A lot of Christians seem to be concerned with the fact that illegal immigrants broke the law to get into the United States. Now most of these people would not have been involved in the civil disobedience of the Civil Rights Movement. I don’t mean that they were too young to have been involved, but rather as conservatives they would have seen the whole thing as a big liberal conspiracy. I wonder how many of these people were involved in Operation Rescue. After all, I’ve never heard of OR folks being labelled as liberals.  And how many are old enough to have homeschooled in the 1980s when it was illegal in many states? For many Christians, it was imperative – it was a matter of conviction – to educate their children at home. In some states it was illegal to have an unlicensed private Christian school, especially one that did not have state-certified teachers. Nonetheless, otherwise law-abiding citizens opened them. To a person, these folks were committed to the right wing of the Republican Party and self-identified as very conservative.

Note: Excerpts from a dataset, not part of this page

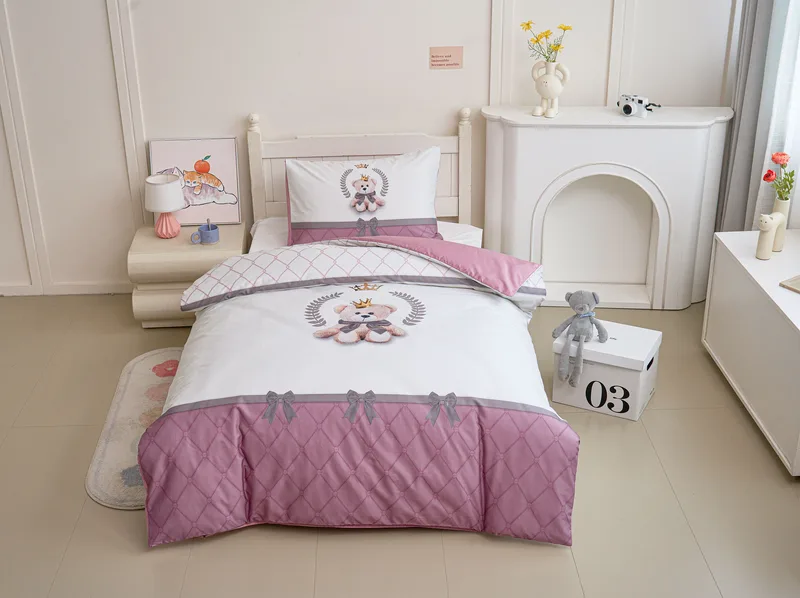 סט מצעים יחיד 90/200 100% כותנה סאטן רויאל טדי ורוד
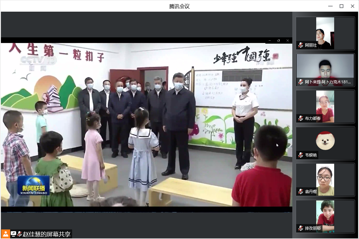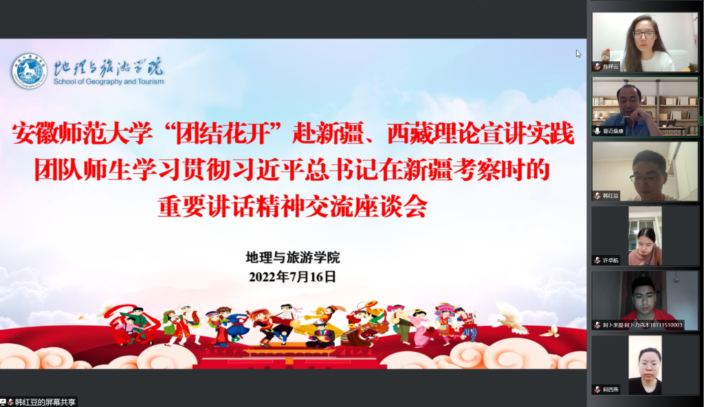 7月12日至15日,中共中央总书记、国家主席、中央军委主席习近平在新疆考察。7月16日,地旅学院积极行动,组织该院国家级暑期社会实践重点团队——beat365英国官方网站“团结花开”边疆少数民族学子赴新疆、西藏理论宣讲实践团队的师生,通过线上开展学习贯彻习近平总书记在新疆考察时的重要讲话精神交流座谈会,地旅学院党委副书记乔静、团委书记陈祥云、团队指导教师代表以及全体队员参会,会议由陈祥云主持。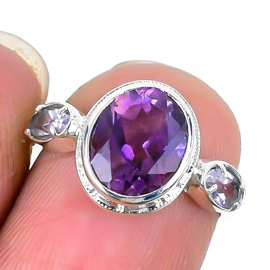 Amethyst Faceted Gemstone Solid Sterling Silver Statement New Ring Jewelry US 5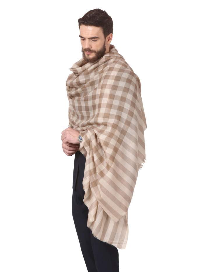 Pashtush Mens Check Shawl, Extra Fine Wool, Soft And Light Weight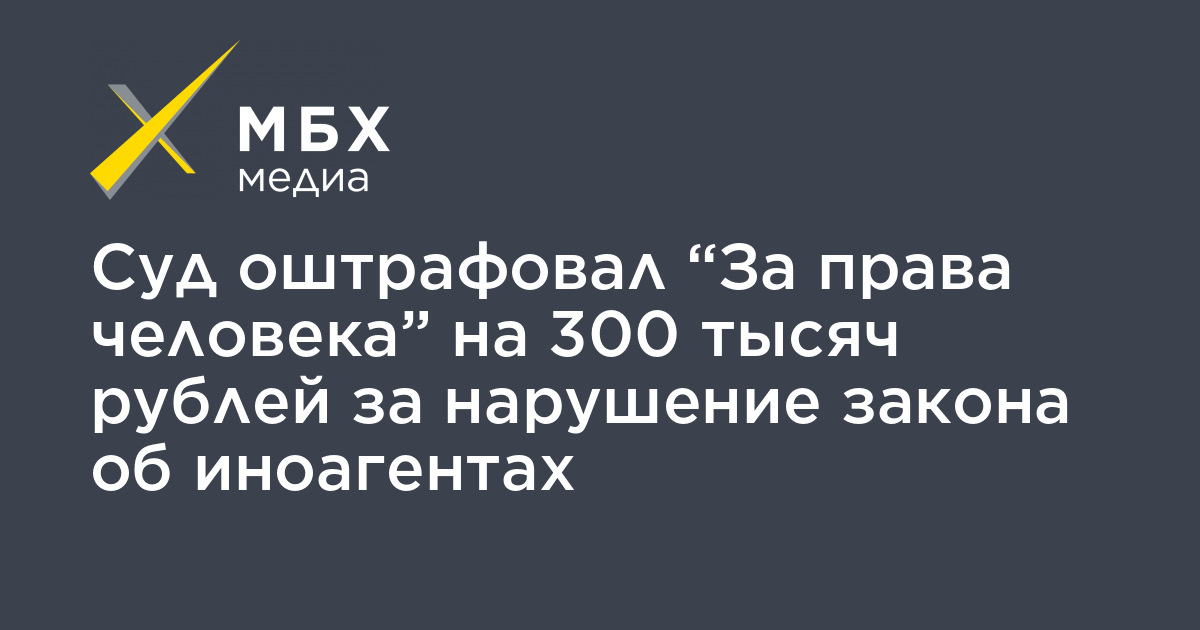 Суд оштрафовал «За права человека» на 300 тысяч рублей за нарушение закона об иноагентах
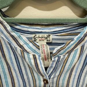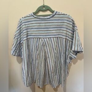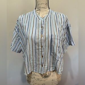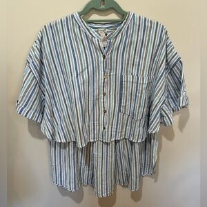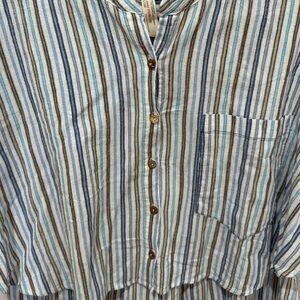 Free People Intimately Cotton Striped Cropped High Low Button Down Top Sz M
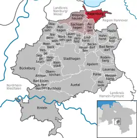 | Localização de Hagenburg no distrito de Schaumburg | |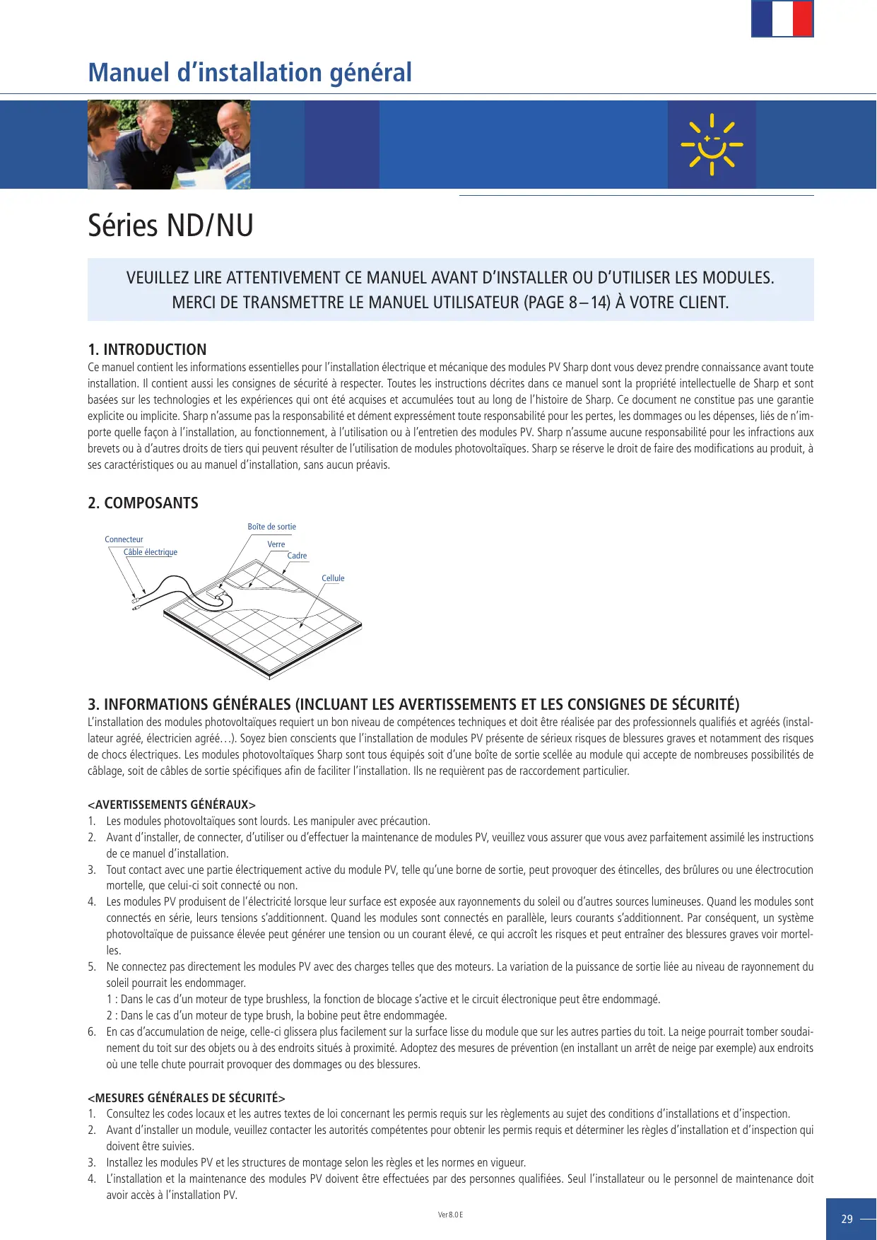 Ce manuel contient les informations essentielles pour l’installation électrique et mécanique des modules PV Sharp dont vous devez prendre connaissance avant toute installation. Il contient aussi les consignes de sécurité à respecter. Toutes les instructions décrites dans ce manuel sont la propriété intellectuelle de Sharp et sont basées sur les technologies et les expériences qui ont été acquises et accumulées tout au long de l’histoire de Sharp. Ce document ne constitue pas une garantie explicite ou implicite. Sharp n’assume pas la responsabilité et dément expressément toute responsabilité pour les pertes, les dommages ou les dépenses, liés de n’importe quelle façon à l’installation, au fonctionnement, à l’utilisation ou à l’entretien des modules PV. Sharp n’assume aucune responsabilité pour les infractions aux brevets ou à d’autres droits de tiers qui peuvent résulter de l’utilisation de modules photovoltaïques. Sharp se réserve le droit de faire des modifications au produit, à ses caractéristiques ou au manuel d’installation, sans aucun préavis.

I have heard complaints that these illegal immigrants are getting welfare benefits. Most of these people complain that anyone is getting welfare benefits – that, in fact, there should be no state-funded welfare benefits. I can’t disagree with the last bit. There is no biblical mandate for the state to be engaged in the financial support of individuals. That’s good conservatism. However, if the state chooses to provide benefits, it cannot biblically discriminate between the citizen and the stranger. To do so is to violate the mandate of Leviticus 19 – a civil mandate to love your neighbor as yourself including the stranger among you.

But let’s look at Leviticus 19 more closely. While there is no provision for the State to collect and distribute welfare, there is a provision requiring individual property/business owners to provide welfare in the form of unharvested produce. In other words – or in modern, non-agrarian application – to provide work and remuneration. And for whom is this provision made?  The poor and the stranger. This idea of providing for the alien among you is so important that it appears three times in the Torah (Leviticus 19:10, 23:22 and Deuteronomy 24:21). Biblically speaking, non-citizens are not only entitled (I know, a liberal word, but hard to get around) to work-based welfare, they are one of the principal intended recipients.

And while we are at it, it is unbiblical to choose your neighbors, stranger or citizen. Neighbors are yours because they see you have a desirable society and settle among you. Once among you, they must follow the rules – not any more strictly or with any greater consequences than citizens – but there’s no biblical provision for discrimination.

And finally for those repulsed by the theonomic tone in setting out what is biblical and what isn’t – those who say forget the Old Testament and ask WWJD – there is no evidence that the conservative views incompatible with the Torah are somehow more compatible with the New Covenant.

Theologically conservative Christians must begin to discerne where poltical conservatism merges and diverges. The current hot button issue of illegal immigration provides such an opportunity. It is then a matter of choosing which principles take priority.